* EXERCISE INPUT *
***

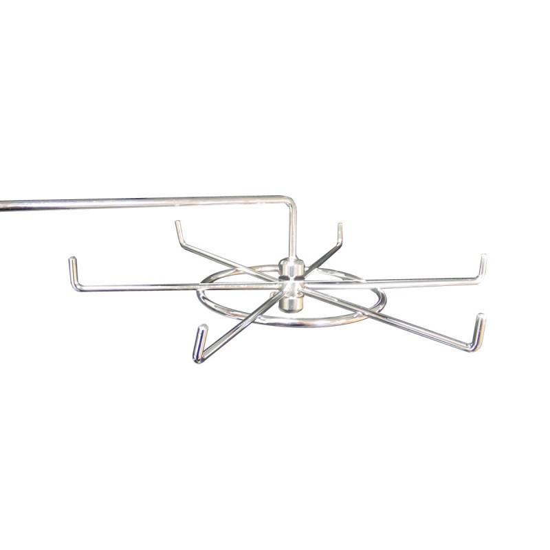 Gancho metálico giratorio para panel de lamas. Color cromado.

***

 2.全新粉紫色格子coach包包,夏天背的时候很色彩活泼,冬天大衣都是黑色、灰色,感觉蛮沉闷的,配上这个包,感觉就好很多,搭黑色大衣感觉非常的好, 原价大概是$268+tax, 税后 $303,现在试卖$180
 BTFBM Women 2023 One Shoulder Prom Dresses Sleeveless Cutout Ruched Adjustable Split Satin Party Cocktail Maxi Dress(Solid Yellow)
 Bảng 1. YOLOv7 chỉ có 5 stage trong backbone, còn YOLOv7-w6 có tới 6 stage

***

* TO DO *
From the entries above, extract only the lines running from the one containing "BTFBM Women 2023" through the one containing "Bảng 1. YOLOv7", inclusive.

* SOLVED PROBLEM *
 BTFBM Women 2023 One Shoulder Prom Dresses Sleeveless Cutout Ruched Adjustable Split Satin Party Cocktail Maxi Dress(Solid Yellow)
 Bảng 1. YOLOv7 chỉ có 5 stage trong backbone, còn YOLOv7-w6 có tới 6 stage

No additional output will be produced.